The Night Visitors(21)
Chapter Nine
Alice
IT’S USELESS TRYING to get Oren to admit that he came out by another path. “Maybe you didn’t realize it was a different way,” I suggest as we wait on the lower drive for Mattie.
“Duh-uh. Didn’t you hear what I just said? I walked backward in my own tracks.”
Duh. That’s what Davis would say when he was pointing out how stupid I was. How I just didn’t get it. “Well, I know what I saw,” I say. I’m keeping my eye on the drive for Mattie’s car, standing in front of Oren as if that will protect him if the cop comes back. “There were footprints leading out of the maze on a different path.”
“Well, Jesus, Alice, I guess there couldn’t have been anyone else in the maze.”
The voice is so much like Davis’s that I spin around to stare behind me, sure that Davis has somehow shown up to taunt me. Yeah, Jesus, Alice, how could you be so stupid to believe that I’d die of that pathetic little stab wound? Like I’m ever going to let you take my boy away from me. But there’s just Oren standing there, his face purple with rage. Somehow it’s scarier to know that hateful voice came out of this little boy.
“Please don’t speak to me in that tone,” I say, trying to keep my voice calm.
“You called me a liar!”
“I didn’t call you a liar.” Davis always accused me of calling him a liar when I confronted him with a discrepancy, like why were there only two beers left in the six-pack if he drank only two or why did work call to ask where he was if he was at work. “I just thought you might have gotten mixed up.”
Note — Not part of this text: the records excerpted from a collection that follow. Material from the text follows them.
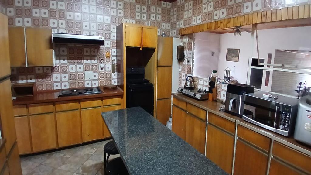 This spacious house is situated on a large stand of 1254m2 with an established garden with large trees.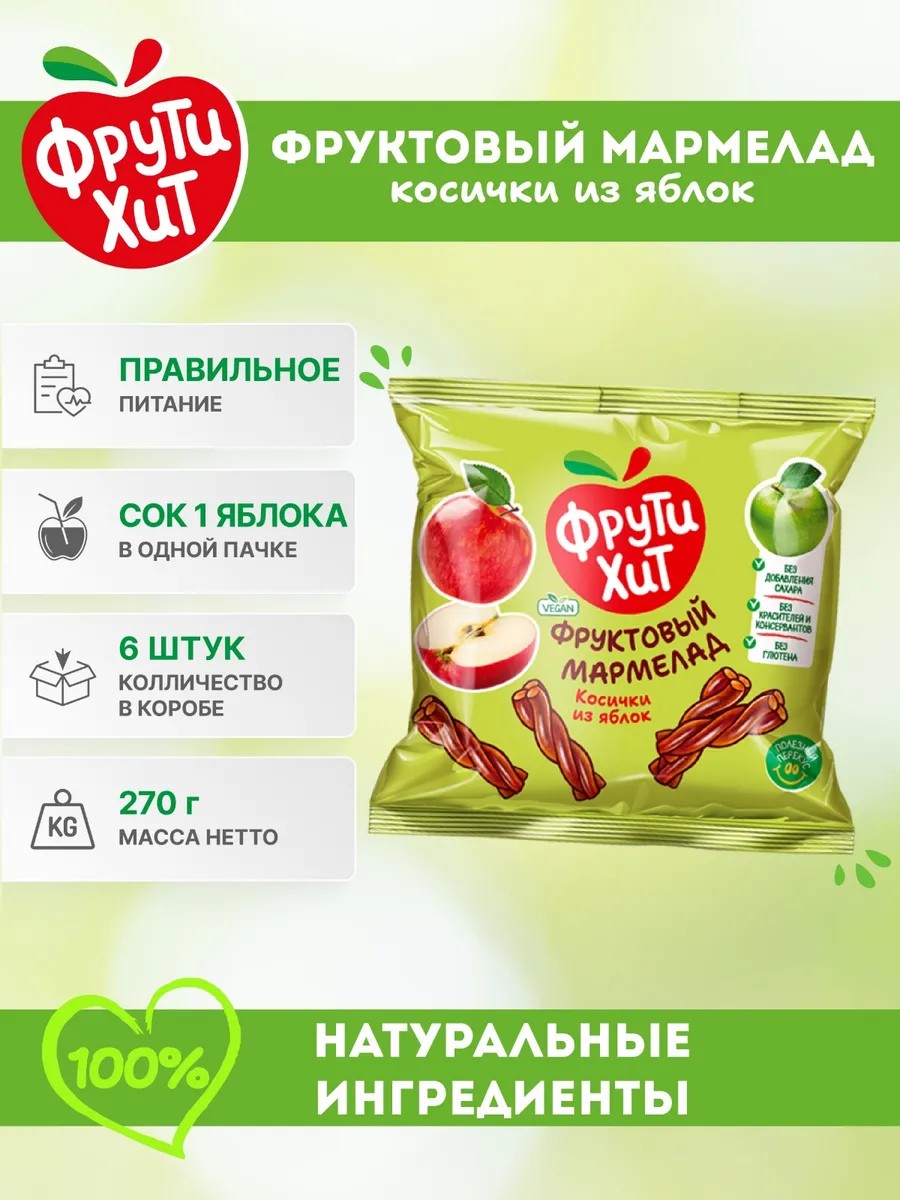 Лакомство состоит всего из 4 натуральных ингредиентов: яблочного сока, яблочного пюре и пектина. Отсутствие консервантов и красителей делает наши сладости идеальным выбором для тех, кто следит за своим здоровьем и питанием. Диетические ПП продукты рекомендованы диетологами тем, кто ведет ЗОЖ, заботится о своей фигуре, при диете и похудении, при диабете подходит диабетикам, веганам и спортсменам. В каждой коробке Вы найдете 6 пакетиков ароматных косичек мармеладок, которые станут отличным дополнением к чашечке чая или кофе. Фруктовые кондитерские изделия для тех сладкоежек, кто обожает подобные подарки. Преподнесите на чаепитие воспитателю, на день учителя и 1 сентября, как корпоративный презент коллеге на Новый год. Или как перекус в офисе маме и папе. Можно ребенку в детский сад и школу. Порадуйте любимого человека, жену и подругу. Восторг гарантирован.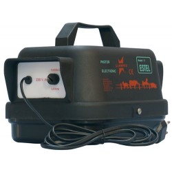 Pastor para conectar a la red 230 voltios. Energía de impulsos máx. 9500 mJuls. Tensión impulsos cresta 10000 v. Alcance: 100 km. Consumo: 5 w. Peso: 1,813 kg. Dimensiones: 181x185x284 mm.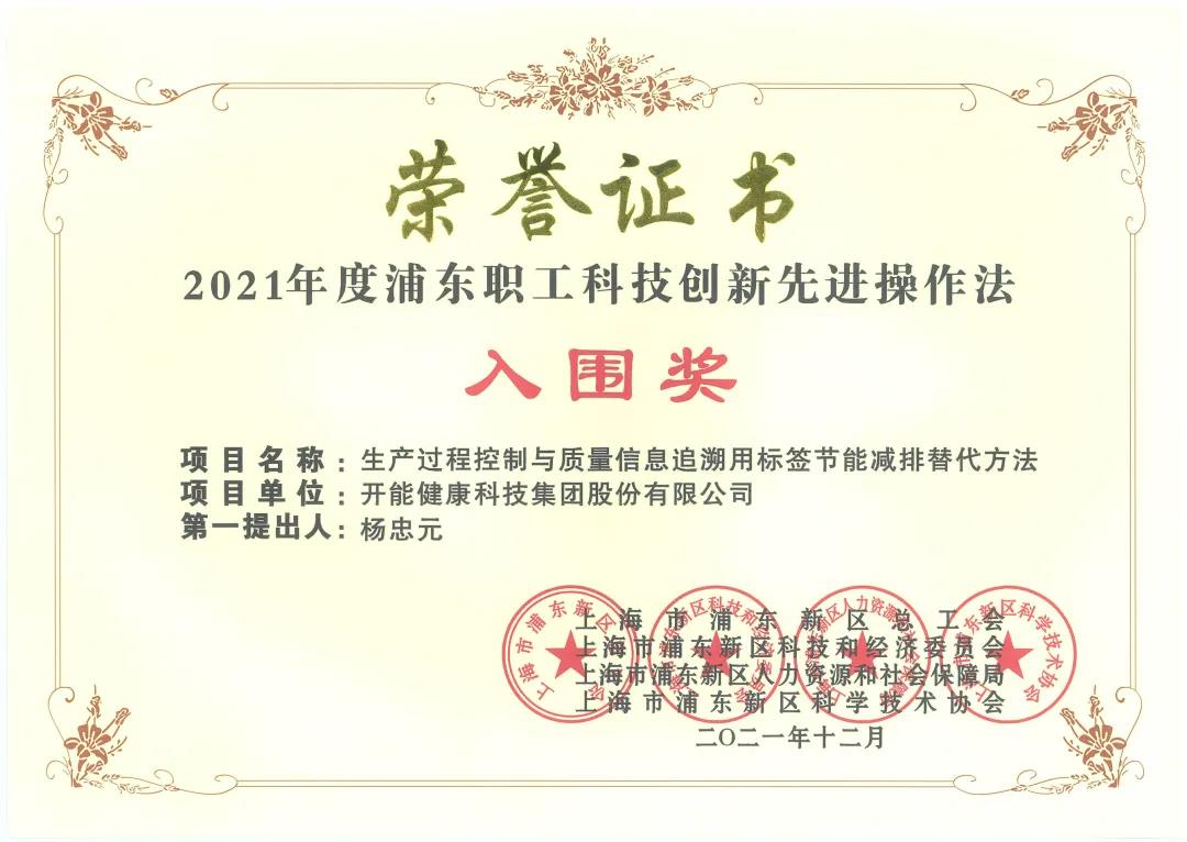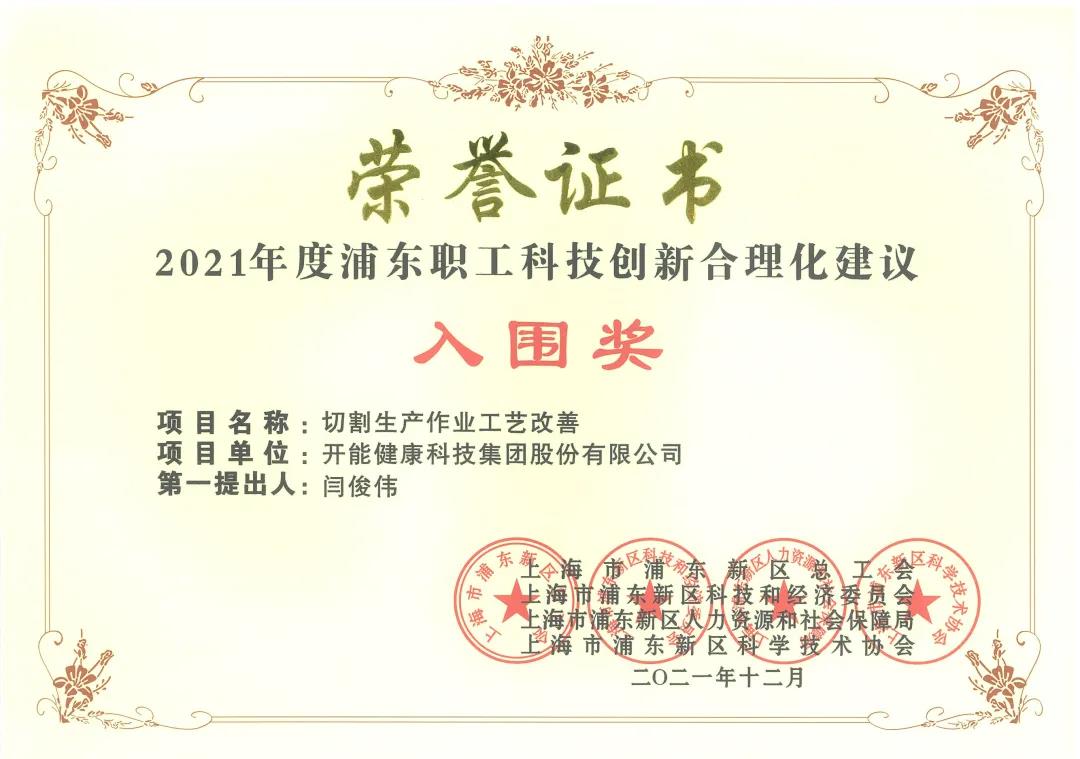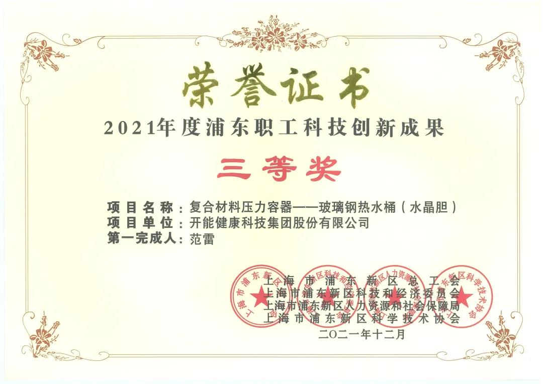 2022-01-27日前,在2021年度浦東職工科技創新成果、先進操作法、合理化建議及工人發明家、科技創新英才評選活動中,開能健康科技集團股份有限公司(下文簡稱:開能健康)共獲得7項獎項,展示了開能工匠不斷進取的精神,體現了開能智造不斷提升的標準。
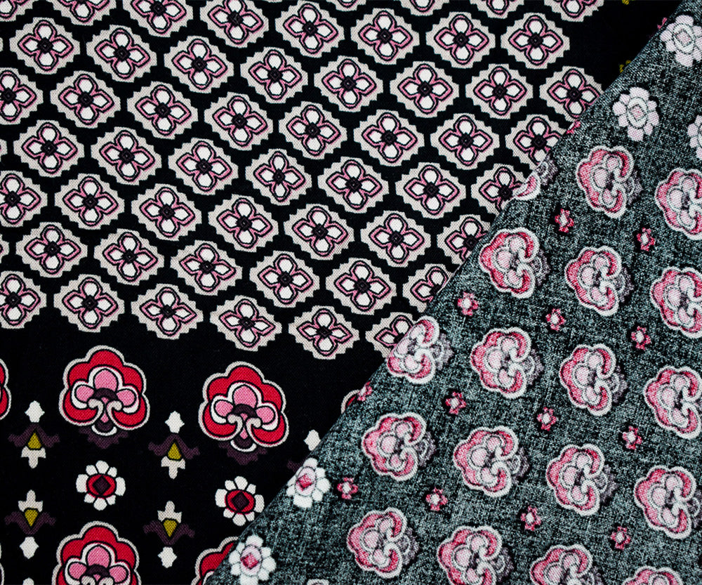 Black-Red-Multi Rayon Floral Patch Printed Challis Woven Fabric

“You’re the one who’s mixed up, stupid-face! Just because you followed someone else’s footprints—”
“They were the same boots!” I cry, pointing at his boots. “And the same duckfooted prints.”
His face turns the color of a bruise. I’d forgotten how much he hated when Davis made fun of him for splaying out his feet. “I am not a duckfoot! I am not!” Then he hits me.
It’s the teeniest, lamest punch on the arm but it knocks the wind right out of me. “Oh great,” I say, cradling my arm. “So now you’re hitting me. Just like your father.”
He gives me a hateful look that hurts much worse than the punch and then takes off straight up the road, dragging the sled behind him, his oversized boots slapping the pavement like big angry duck feet. I’ve said the very worst thing I could have said to him, but I’m not sorry. He’s being a little shit, and if no one stops him he will grow up to be just like Davis. A spoiled little boy in a man’s body always blaming someone else for his problems. Let him see how far he gets on his own or how he’ll like it if that cop gets him first.
I’d forgotten about the cop.
“Oren!” I call. “Come back. I didn’t mean it.”
But Oren speeds up, stamping in the puddles from the melting snow, the sled bouncing behind him. I run after him, but he’s gotten a head start and I’m soon out of breath. That’s what I get for taking up smoking again. “Or-ren!” It comes out in a wheeze, hoarse and ugly.
I know that Oren’s taking his anger at his father out on me because I’m safe. I won’t hit him back. But I’m tired of being the safe one. Look where it’s gotten us: homeless, on the run, waiting on the charity of nuns and social workers. It’s time I took charge. Time I taught the boy a lesson. I’m only inches from Oren, reaching out for his arm, when I hear the words in my head. Davis’s words in Davis’s voice. I’m the one who has become just like Davis.
My hand is already on Oren’s arm, fingers curling around his skinny biceps. I only want to stop him to tell him I’m sorry, but he jerks forward at my touch and I tighten my grip to keep him from falling—
I hear the pop as his shoulder dislocates and then the scream of pain, and Oren falls howling to the ground. I fall beside him, trying to cradle him in my arms, repeating “I’m sorry, I’m sorry” and then “Let me see, let me fix it.” But he scoots away from me. I hear a car pull up and footsteps approaching. This is it. The police have gotten us. For a moment I’m almost grateful. This will all be taken out of my hands. Oren will be taken out of my hands. And maybe that is for the best. Because clearly I don’t know what the fuck I am doing.
But when I look up I see it’s not the cop; it’s Mattie. “What happened?” she cries, kneeling beside Oren. The little shit huddles against her like he needs her protection from me.
“Nothing. We had a fight and he was running away. I was afraid he was going to run into that cop. I was just trying to stop him.”
Mattie isn’t paying attention to my litany of excuses—how fast they trip off my tongue! I have learned a thing or two from Davis. She’s inspecting Oren’s arm, peeling off his jacket, wrapping her large capable hands around his shoulder and biceps. “Do you know what this reminds me of?” she asks in such a calm voice that Oren is startled out of his hysterics.
“Wh-what?” he blubbers.
“The time that Luke lost his hand in the lightsaber fight with Darth Vader.”
What a weird thing to say—and is she actually comparing me to Darth Vader?—but it delights Oren. “Am I going to lose my hand?” he asks, eyes popping.